Go through the listing below and retype exactly the lines starting at the one with "11月22日,世界杯官网在南" and ending at the one with "В этот раз кот", skipping pictures.

• **Exercise material**:
※

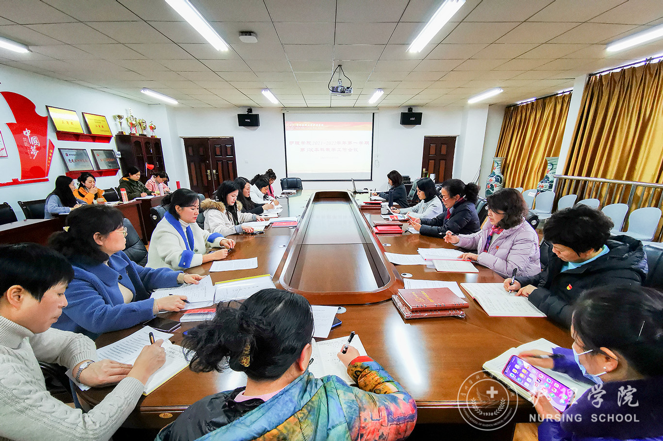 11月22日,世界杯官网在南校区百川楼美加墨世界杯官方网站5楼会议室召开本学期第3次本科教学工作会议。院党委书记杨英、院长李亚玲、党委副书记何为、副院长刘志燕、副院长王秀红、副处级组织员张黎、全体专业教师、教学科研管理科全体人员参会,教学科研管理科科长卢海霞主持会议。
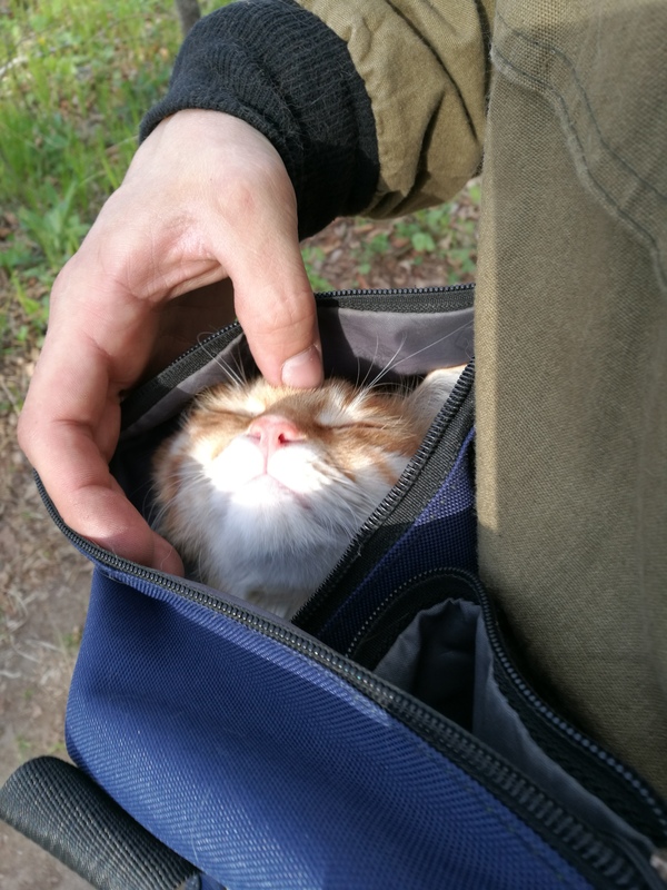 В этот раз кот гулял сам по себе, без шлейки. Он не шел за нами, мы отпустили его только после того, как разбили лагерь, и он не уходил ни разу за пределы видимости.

※

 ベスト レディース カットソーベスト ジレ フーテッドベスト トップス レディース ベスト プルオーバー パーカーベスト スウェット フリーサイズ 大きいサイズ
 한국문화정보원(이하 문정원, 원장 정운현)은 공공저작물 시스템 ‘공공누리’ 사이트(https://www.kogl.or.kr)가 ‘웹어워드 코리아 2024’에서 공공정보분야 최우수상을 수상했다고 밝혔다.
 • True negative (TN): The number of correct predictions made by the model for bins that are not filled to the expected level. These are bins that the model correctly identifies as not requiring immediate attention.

※

• **Finished exercise**:
 11月22日,世界杯官网在南校区百川楼美加墨世界杯官方网站5楼会议室召开本学期第3次本科教学工作会议。院党委书记杨英、院长李亚玲、党委副书记何为、副院长刘志燕、副院长王秀红、副处级组织员张黎、全体专业教师、教学科研管理科全体人员参会,教学科研管理科科长卢海霞主持会议。
 В этот раз кот гулял сам по себе, без шлейки. Он не шел за нами, мы отпустили его только после того, как разбили лагерь, и он не уходил ни разу за пределы видимости.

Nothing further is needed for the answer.